A key concept in Apriori algorithm is the anti-monotonicity of the support measure. It assumes that

* All subsets of a frequent itemset must be frequent
* Similarly, for any infrequent itemset, all its supersets must be infrequent too

**Step 1**: Create a frequency table of all the items that occur in all the transactions.

**Step 2**: We know that only those elements are significant for which the support is greater than or equal to the threshold support.

**Step 3**: The next step is to make all the possible pairs of the significant items keeping in mind that the order doesn’t matter, i.e., AB is same as BA.

**Step 4**: We will now count the occurrences of each pair in all the transactions.

**Step 5**: Again only those itemsets are significant which cross the support threshold

**Step 6**: Now let’s say we would like to look for a set of three items that are purchased together. We will use the itemsets found in step 5 and create a set of 3 items.

In [None]:
from mlxtend.frequent_patterns import apriori

#Now, let us return the items and itemsets with at least 5% support:
apriori(data, min_support = 0.01, use_colnames = True)
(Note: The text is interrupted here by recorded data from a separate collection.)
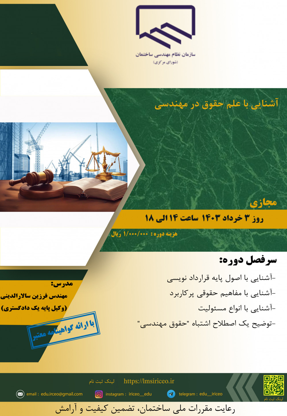 مدیریت آموزش نظام مهندسی ساختمان کشور در نظر دارد دوره " آشنایی با علم حقوق در مهندسی " را ساعت 14 الی 18 در روز پنجشنبه 3 خرداد ماه 1403 به صورت مجازی برگزار نماید.
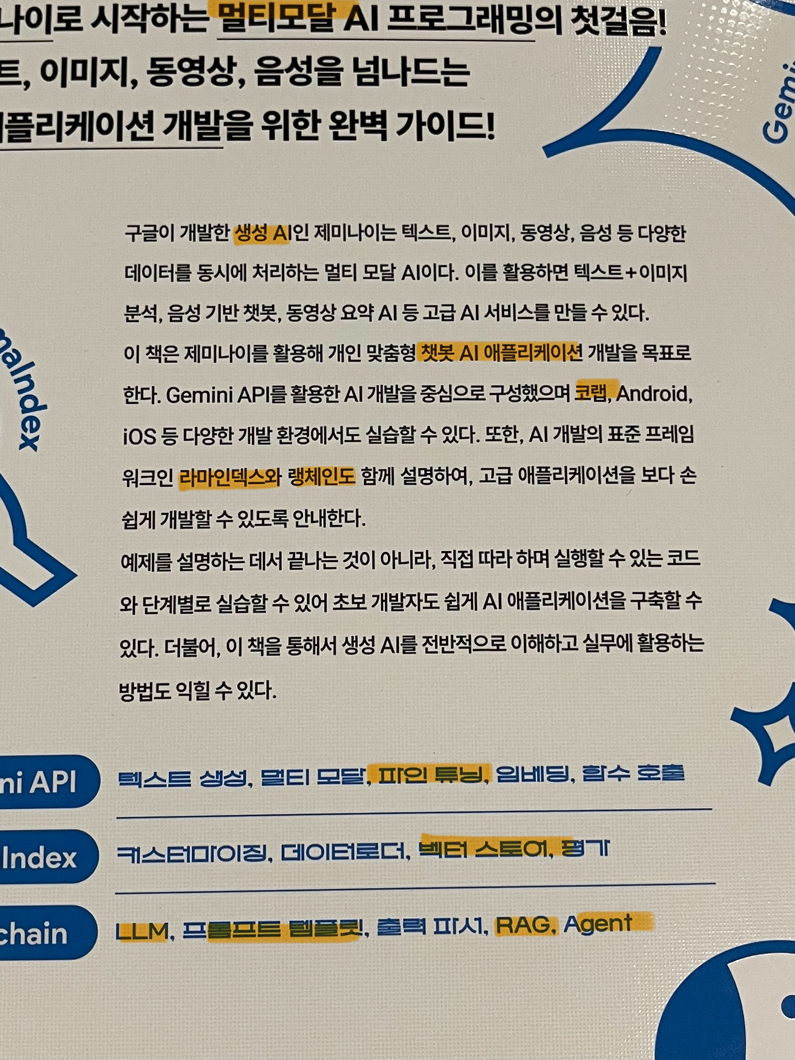 이 책은 구글의 “제미나이” 활용해서 AI 서비스를 만드는 것에 초점을 두고 설명을 이어 나갑니다.
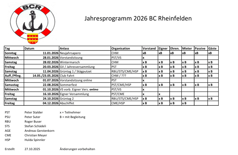 Auf dieser Seite werden die Anlässe und allfällige Änderungen des Jahresprogrammes jeweils bekanntgegeben.
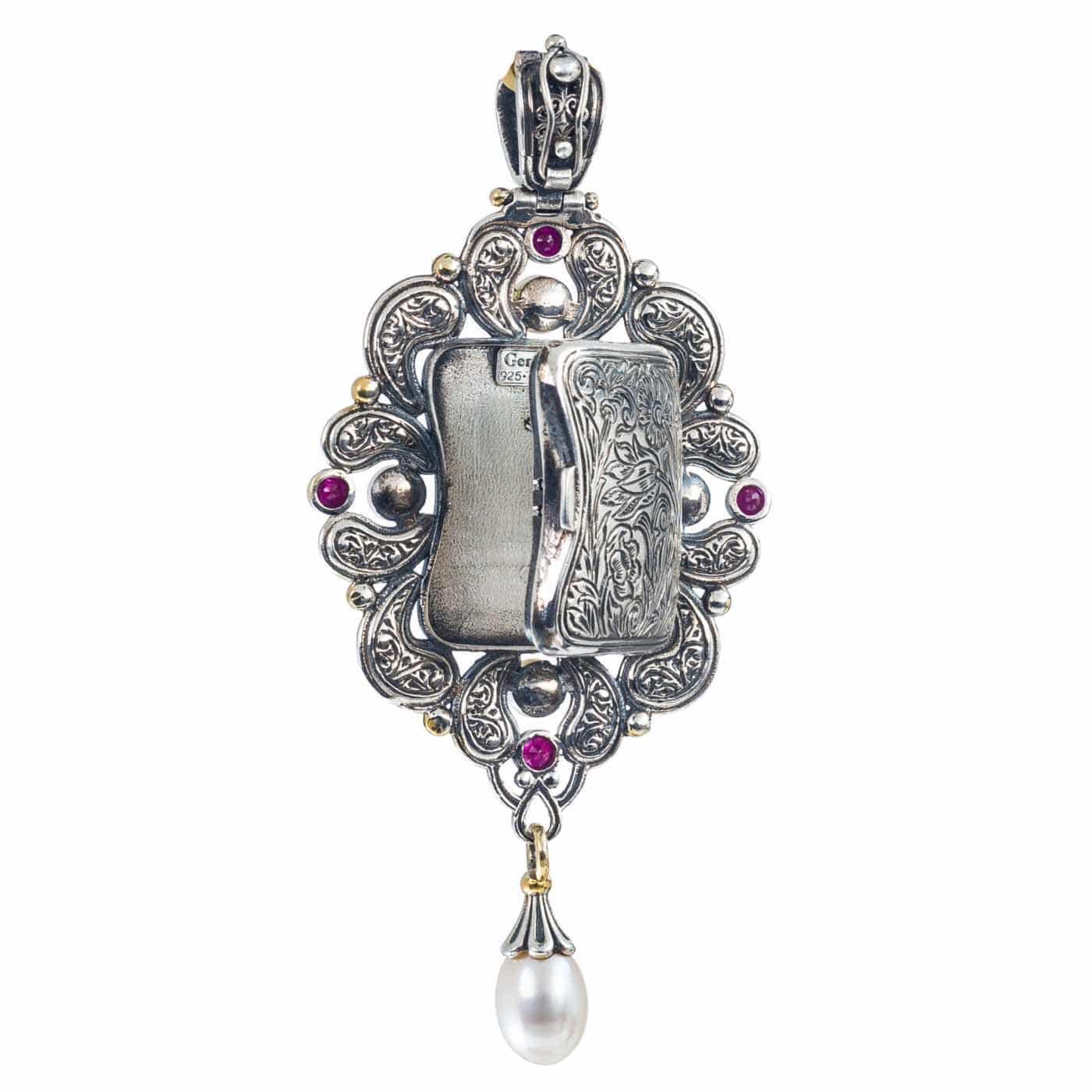 A filigree locket pendant in 18k yellow gold and sterling silver 925, featuring a pearl drop and delicate freshwater pearls and diamonds 0.36cts or rubies throughout.
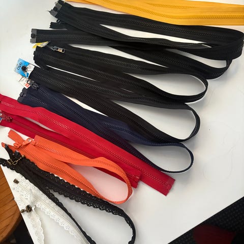 Käyttämättömät vetoketjut 34 kpl eripituisia ketjuja.
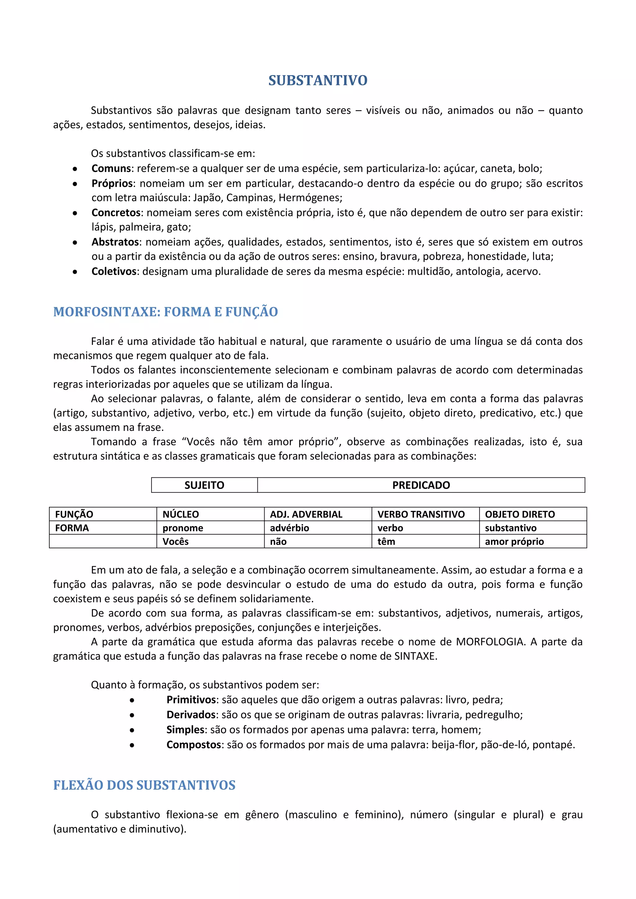 O documento discute as características e funções dos substantivos na língua portuguesa. Os substantivos são palavras que designam seres, ações, estados e ideias. Eles podem ser comuns ou próprios, concretos ou abstratos, simples ou compostos. Os substantivos flexionam em gênero, número e grau e podem assumir diferentes funções sintáticas na frase, como sujeito ou objeto. Os substantivos são essenciais para nomear entidades e organizar o pensamento.
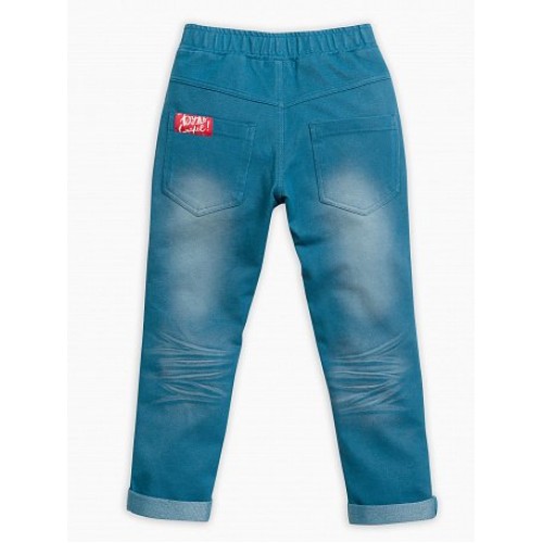 Брюки для мальчиков. Брюки для мальчиков. Брюки "имитация джинсы"; по переду изделия полукруглые боковые карманы, кокетка и накладные карманы по спинке, пояс на резине с регулировкой ширины, отвороты по низу
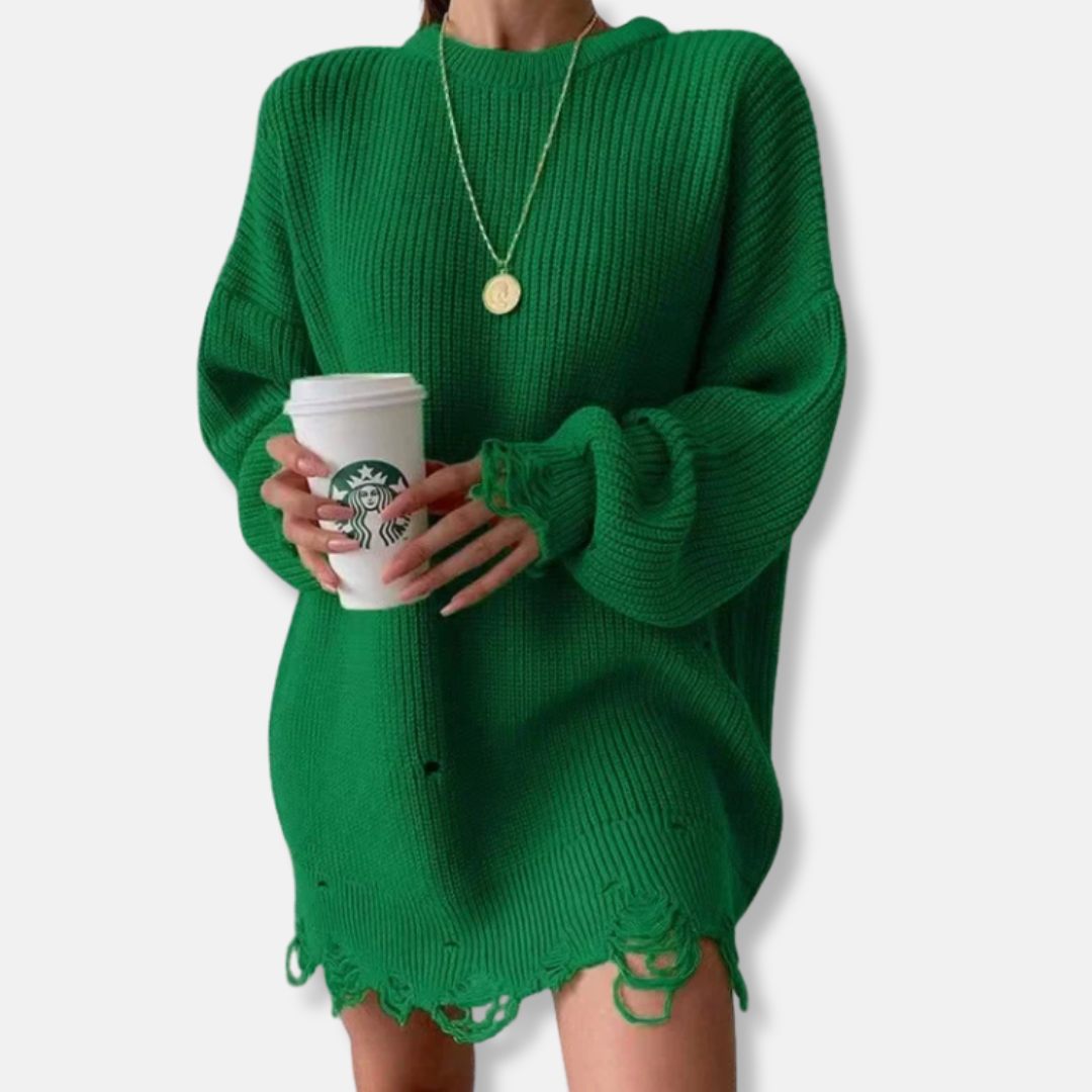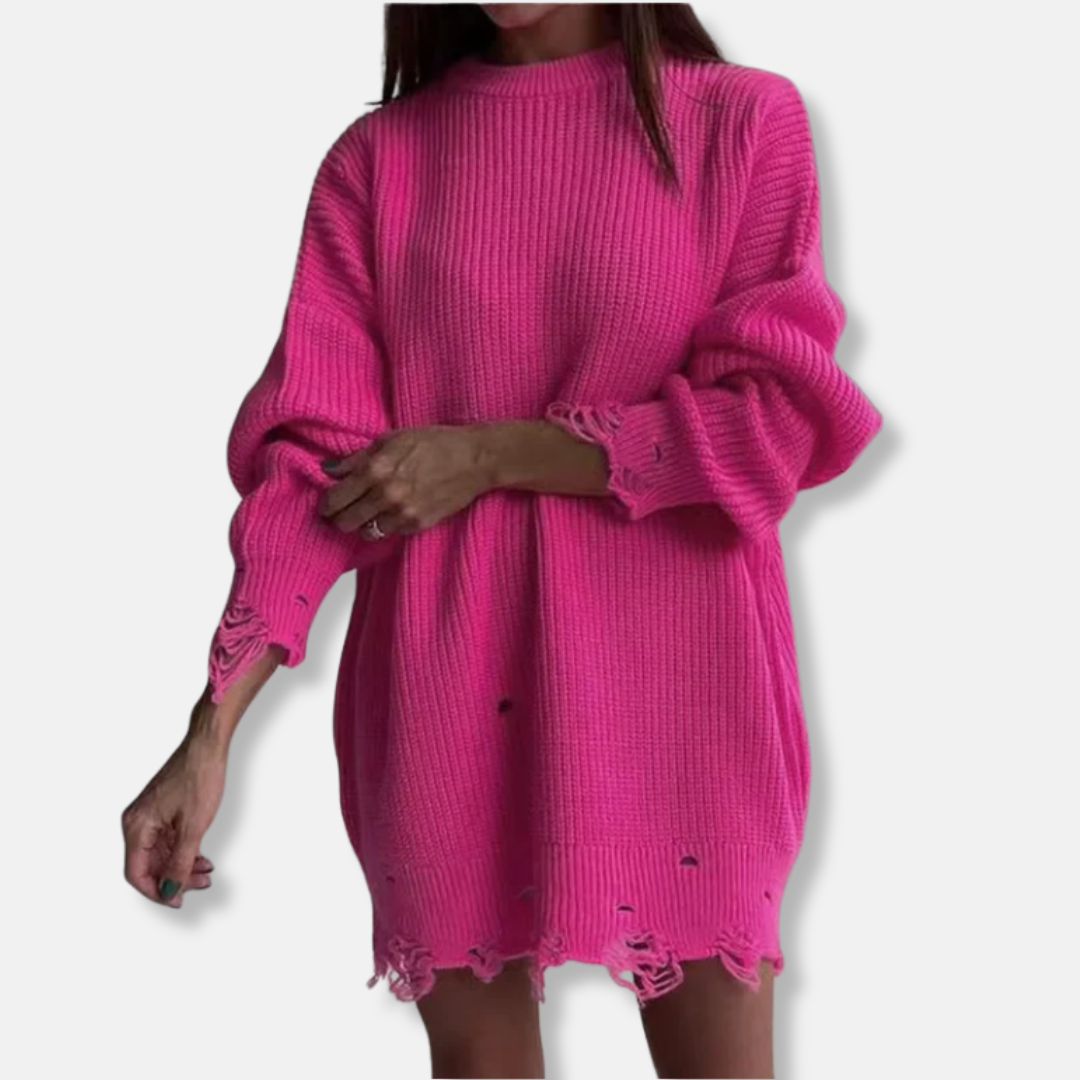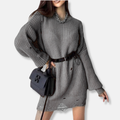 Embrace effortless elegance with this Women’s Ribbed Knit Mini Dress. Designed for the discerning woman, its relaxed, oversized fit flatters with a straight silhouette, while the chic balloon sleeves and artfully distressed hem add a touch of modern sophistication to your timeless wardrobe.

The advantage of working with pandas DataFrames is that we can use its convenient features to filter the results. For instance, let's assume we are only interested in itemsets of length 2 that have a support of at least 80 percent. First, we create the frequent itemsets via apriori and add a new column that stores the length of each itemset:

## Selecting and Filtering the Results

In [None]:
frequent_itemsets = apriori(data, min_support = 0.05, use_colnames=True)
frequent_itemsets['length'] = frequent_itemsets['itemsets'].apply(lambda x: len(x))
frequent_itemsets

In [None]:
# getting th item sets with length = 2 and support more han 10%

frequent_itemsets[ (frequent_itemsets['length'] == 2) &
                   (frequent_itemsets['support'] >= 0.01) ]

In [None]:
# getting th item sets with length = 2 and support more han 10%

frequent_itemsets[ (frequent_itemsets['length'] == 1) &
                   (frequent_itemsets['support'] >= 0.01) ]

## Association Mining

In [None]:
frequent_itemsets[ frequent_itemsets['itemsets'] == {'eggs', 'mineral water'} ]


In [None]:
frequent_itemsets[ frequent_itemsets['itemsets'] == {'mineral water'} ]


In [None]:
frequent_itemsets[ frequent_itemsets['itemsets'] == {'milk'} ]


In [None]:
frequent_itemsets[ frequent_itemsets['itemsets'] == {'chicken'} ]


In [None]:
frequent_itemsets[ frequent_itemsets['itemsets'] == {'frozen vegetables'} ]


In [None]:
frequent_itemsets[ frequent_itemsets['itemsets'] == {'chocolate'} ]